(Data extracted from a collection)
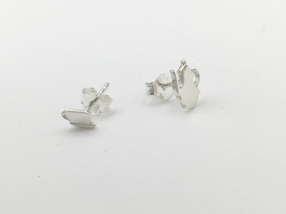 Sterling Silver tiny coffee pot and cup stud earrings, barista, tea, break,
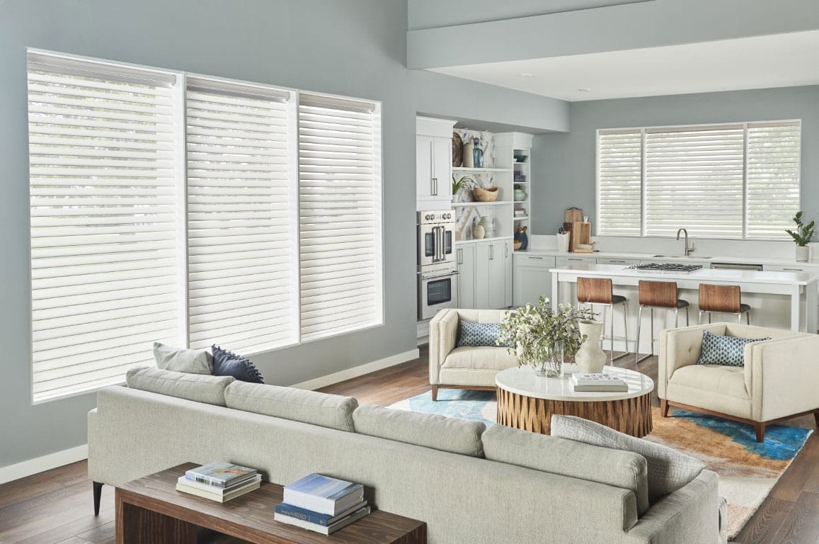 Sheer shades from Delta Shutters have a sleek, modern look that enhances the aesthetic of any room. The combination of fabric and sheer materials adds a touch of elegance, making them a popular choice for living rooms, dining areas, and bedrooms.
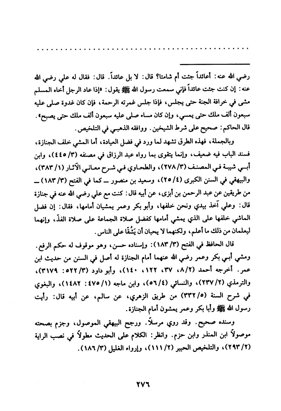 وبالجملة، فهذه الطرق تشهد لما ورد في فضل العيادة، أما المشي خلف الجنازة، فسند الباب فيه ضعيف، وإنما يتقوى بما رواه عبد الرزاق في مصنفه (3/ 445)، وابن أبي شيبة في المصنف (3/ 278)، والطحاوي في شرح معاني الآثار (1/ 383)، والبيهقي في السنن الكبرى (4/ 25)، وسعيد بن منصور -كما في الفتح (3/ 183) - من طريقين عن عبد الرحمن بن أبزى، عن أبيه قال: كنت مع علي رضي الله عنه في جنازة قال: وعلي آخذ بيدي ونحن خلفها، وأبو بكر وعمر يمشيان أمامها، فقال: إن فضل الماشي خلفها على الذي يمشي أمامها كفضل صلاة الجماعة على صلاة الفذ، وانهما ليعلمان من ذلك ما أعلم، ولكنهما لا يحبان أن يَشُقا على الناس.
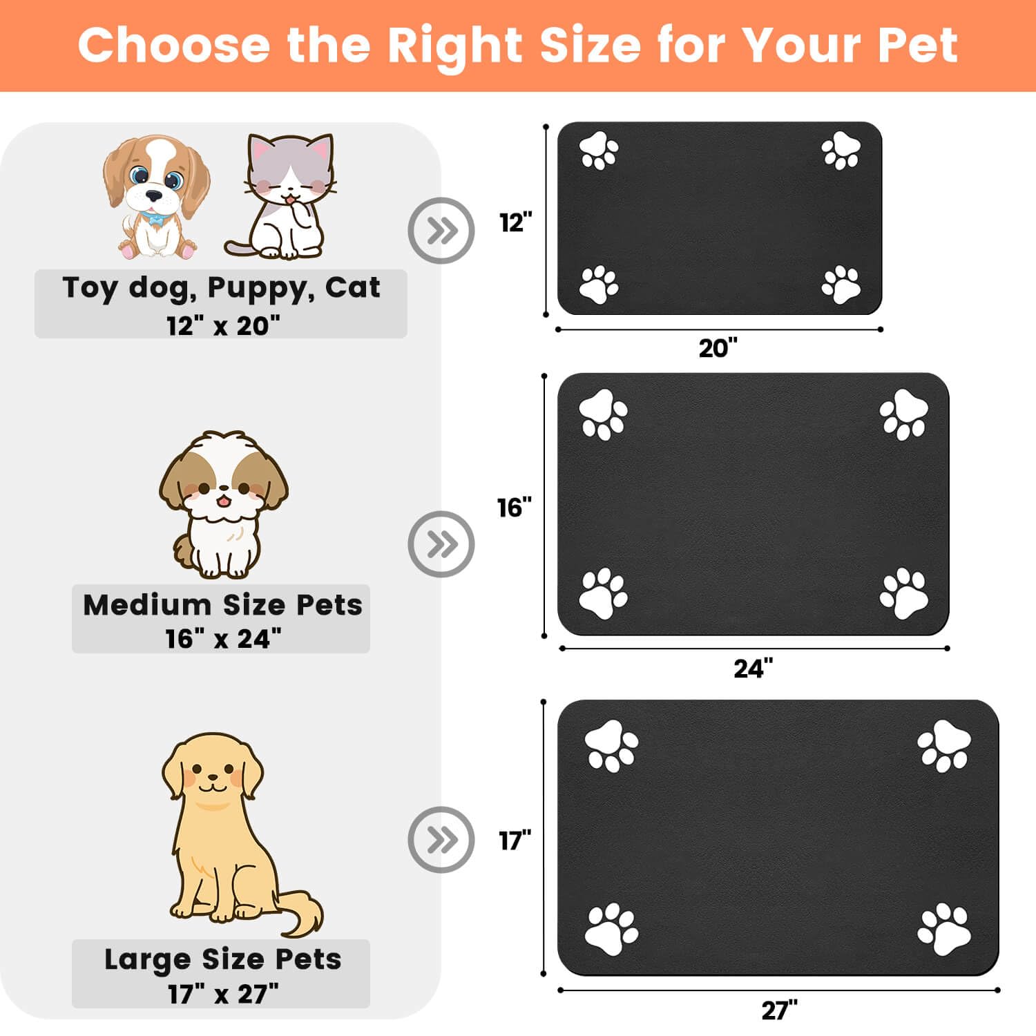 【Versatile Pet Supplies】Suitable for cats, dogs, and other pets, this pet food mat is ideal for their feeding needs. The generous size provides ample space for eating and drinking, while effectively protecting your floors.
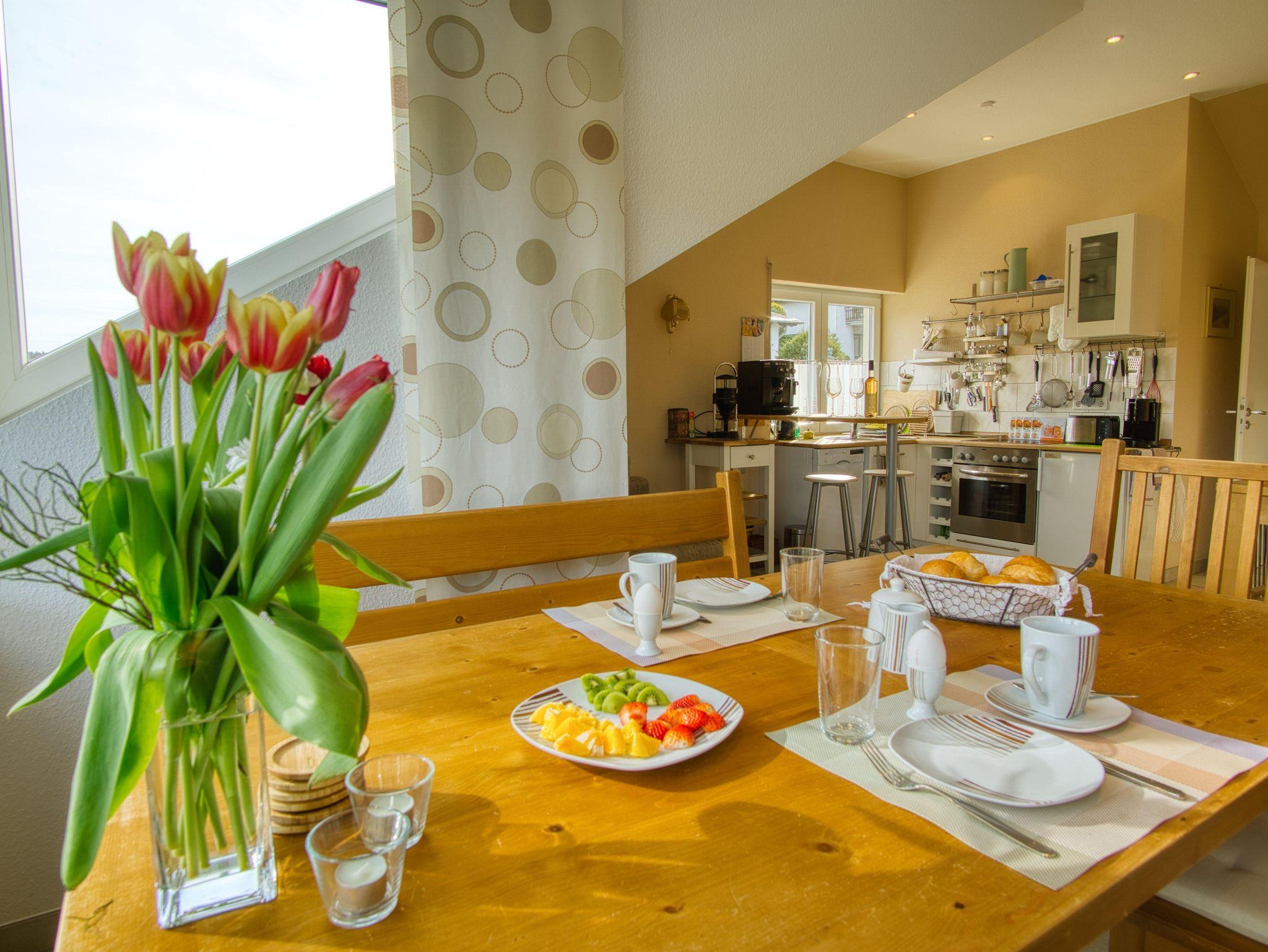 Neumöbilierte 5-Sterne-Wohnung mit toller Aussicht, Doppelzimmmer, Wohnzimmer mit Sofabett, Essecke, kl. Küche, Bad/WC und Sauna

**Brief:** Reproduce the data above line for line, from its first line through the line containing "Sheer shades from", both ends included, with the pictures omitted and nothing more.

**Output:**
 Sterling Silver tiny coffee pot and cup stud earrings, barista, tea, break,
 Sheer shades from Delta Shutters have a sleek, modern look that enhances the aesthetic of any room. The combination of fabric and sheer materials adds a touch of elegance, making them a popular choice for living rooms, dining areas, and bedrooms.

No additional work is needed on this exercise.